EXERCISE REQUIREMENTS:
Could you restate all of the records below exactly, with the pictures left out?

[Saved entries]
BEGIN
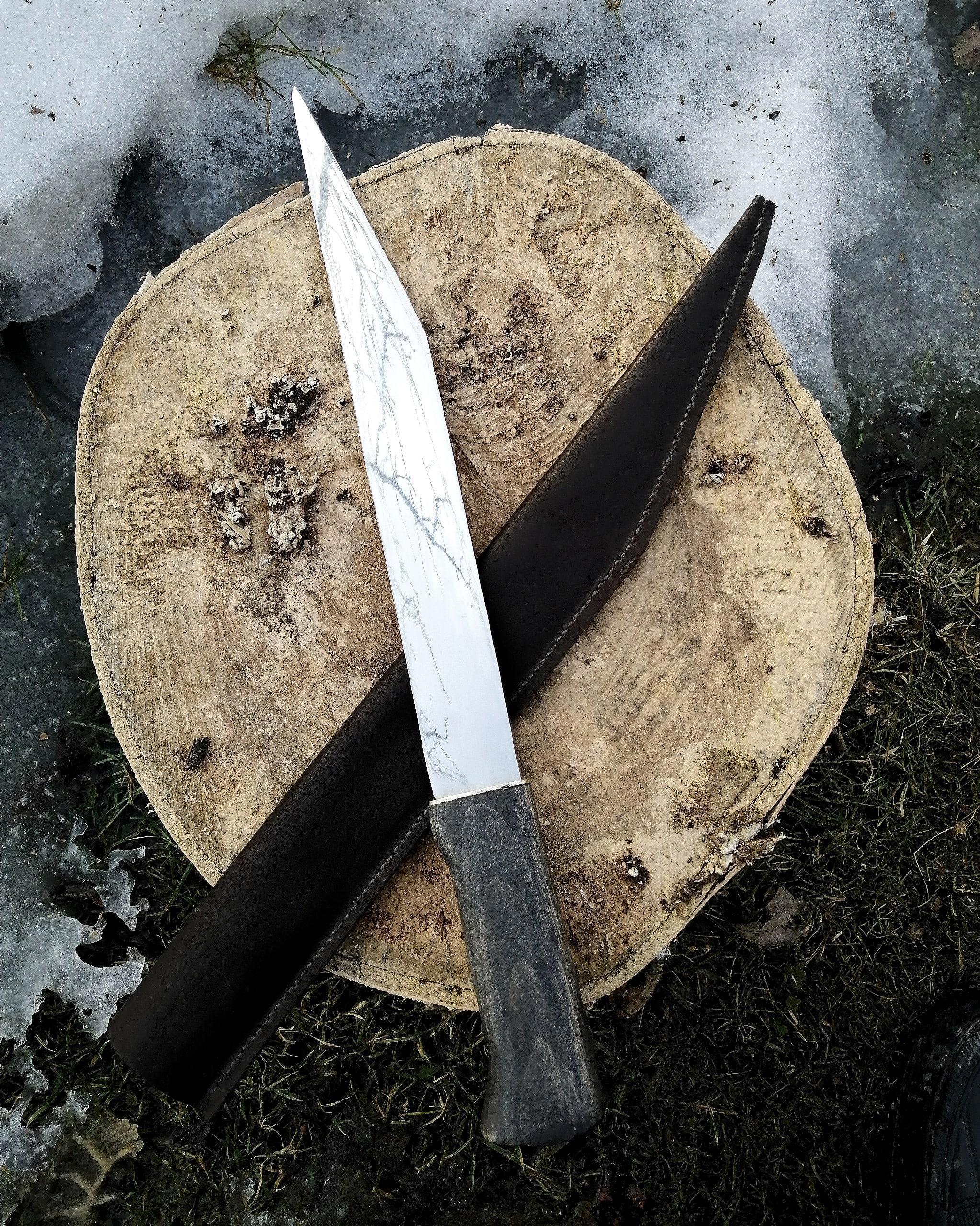 Ниже моя версия сакса (скрамасакс): общая длина составляет 45 см. Ножны у меня простые, кожаные
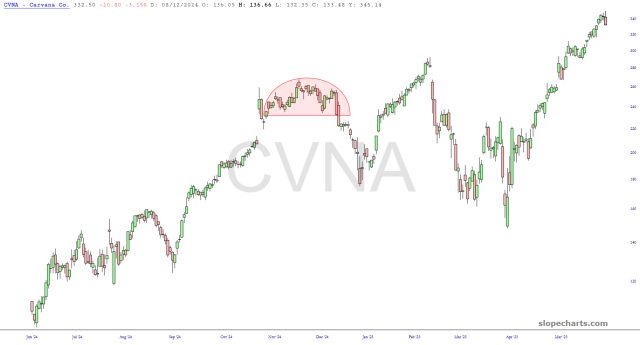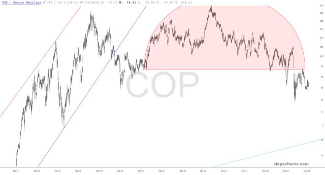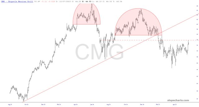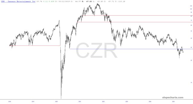 Preface to all three parts: there are thirty charts in my Bear Pen watch list. I am presently short only eight of them (the other four shorts are ETFs), but I wanted to share the entire list with you this weekend. I have zoomed in to the most recent portions of the chart that I believe are most relevant.
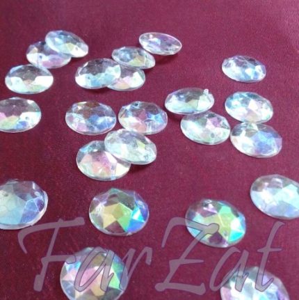 Pietre de cusut forma ovala de 18 x 25 mm de culoare transparent cu reflexii aurora boreala Pietrele de cusut
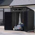 The Suncast 5′ x 6′ Modernist® Storage Shed is a stylish, durable, and practical solution for any backyard. Whether you’re organizing tools, bikes, or lawn equipment, this shed delivers compact functionality with modern aesthetics.
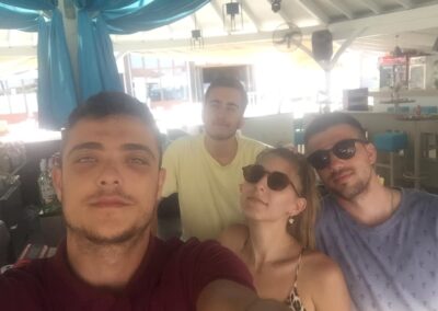 Komitsa Beach is sandy, and somewhat coarse sand is in the water and on the coast. The depth is gradual, and the sea is crystal clear and transparent.
END
FINISHED TASK:
 Ниже моя версия сакса (скрамасакс): общая длина составляет 45 см. Ножны у меня простые, кожаные
 Preface to all three parts: there are thirty charts in my Bear Pen watch list. I am presently short only eight of them (the other four shorts are ETFs), but I wanted to share the entire list with you this weekend. I have zoomed in to the most recent portions of the chart that I believe are most relevant.
 Pietre de cusut forma ovala de 18 x 25 mm de culoare transparent cu reflexii aurora boreala Pietrele de cusut
 The Suncast 5′ x 6′ Modernist® Storage Shed is a stylish, durable, and practical solution for any backyard. Whether you’re organizing tools, bikes, or lawn equipment, this shed delivers compact functionality with modern aesthetics.
 Komitsa Beach is sandy, and somewhat coarse sand is in the water and on the coast. The depth is gradual, and the sea is crystal clear and transparent.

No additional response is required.